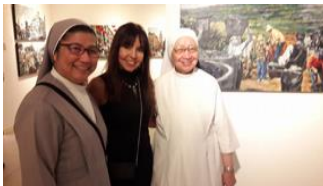
and with her classmates (GS 1968) who attended the opening of the exhibit.
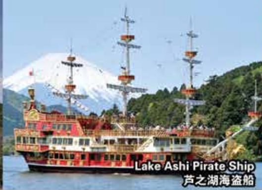
Lake Ashi Pirate Ship 芦之湖海盗船
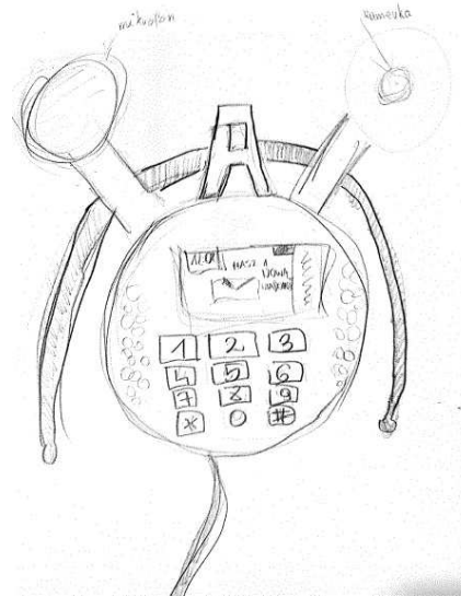
Figure 4. Drawing of Child from Secondary School

Analyzing the first stage of making drawings it can be seen that the brand awareness among children is high. In most cases there dominated drawings, which concerned the specific brands of phones. This was evident by drawing the logo and its components. Moreover, it was underlying in children talks. There was also a difference noted between the drawings of children from primary school and high school. While the first ones drew only smartphones, the children of the secondary school drew the older generation phones, even with the antenna.
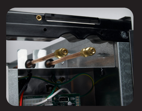
Easy Frontal Service Access Ports
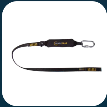
(Scroll Wheel To Zoom) RGL1 Single Leg Webbing Lanyard & Shock Absorber

This single leg lanyard is produced using our anti-bacterial protection webbing.
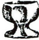
No. T787 Individual Salt

-------------------------

DIRECTIONS FOR THIS TASK>
Find the string "with" in the entries above. Copy each line where it occurs.

RESPONSE>
and with her classmates (GS 1968) who attended the opening of the exhibit.
Analyzing the first stage of making drawings it can be seen that the brand awareness among children is high. In most cases there dominated drawings, which concerned the specific brands of phones. This was evident by drawing the logo and its components. Moreover, it was underlying in children talks. There was also a difference noted between the drawings of children from primary school and high school. While the first ones drew only smartphones, the children of the secondary school drew the older generation phones, even with the antenna.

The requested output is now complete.